Infometrics senior economist Brad Olsen said vehicle registrations provided some insights into how household spending was changing for larger purchases.
"The fall in car registrations in Tauranga were inevitable given New Zealand was locked down for 4.5 weeks, but the softer fall in Tauranga compared to the national average."
Olsen said monthly registrations have, however, bounced back to normal levels, which showed Tauranga households were continuing to make bigger purchases and reinforcing a cautious level of confidence locally.
"As household budgets continue to contract as New Zealanders look to keep some money in reserve, we expect that car purchases will increasingly focus on used cars which have a lower price point."

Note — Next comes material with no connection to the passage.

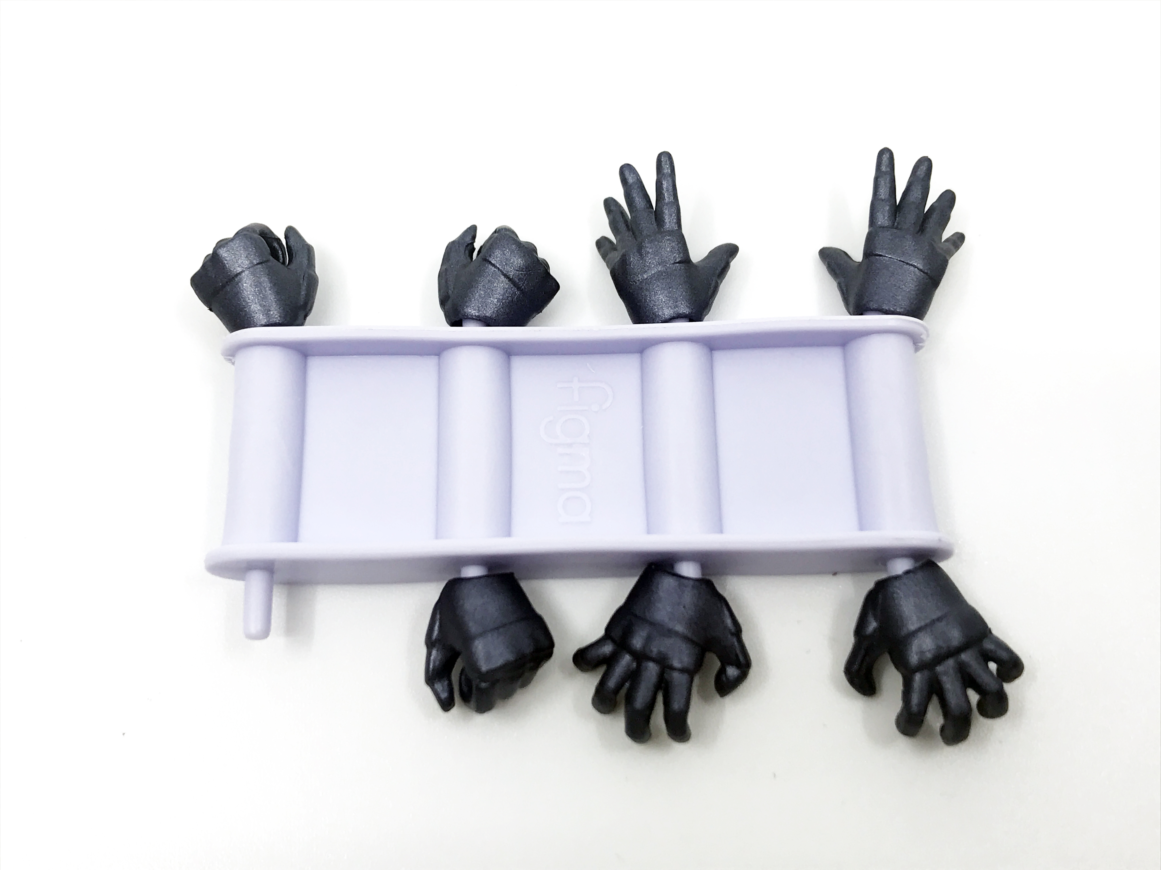 구성품. 피그마 스탠드와 예비 손목 관절, 교체용 손 부품들.

Priority One chief executive Nigel Tutt said new car registrations showed a strong resurgence from lockdown and some confidence.
"There's also some transfer of spend likely where people buy a car rather than go on an overseas holiday."
Tauranga Chamber of Commerce chief executive Matt Cowley said many businesses had benefited from extra spending since lockdown as people were unable to spend money or travel overseas.
"Consumer spending was like a coiled spring after lockdown, but it appears to be easing back to expected levels now.
"Government spending, mortgage deferrals and KiwiSaver holidays certainly helped fuel the strong spending since lockdown."
Cowley said there will likely be a few bumps in the road during spring that local businesses will need to navigate through, including the latest Covid-19 alert levels, general election uncertainties, and wage subsidies finishing.
"The local economy needs a good Christmas and summer spending season to help businesses get through what may be a tough winter next year."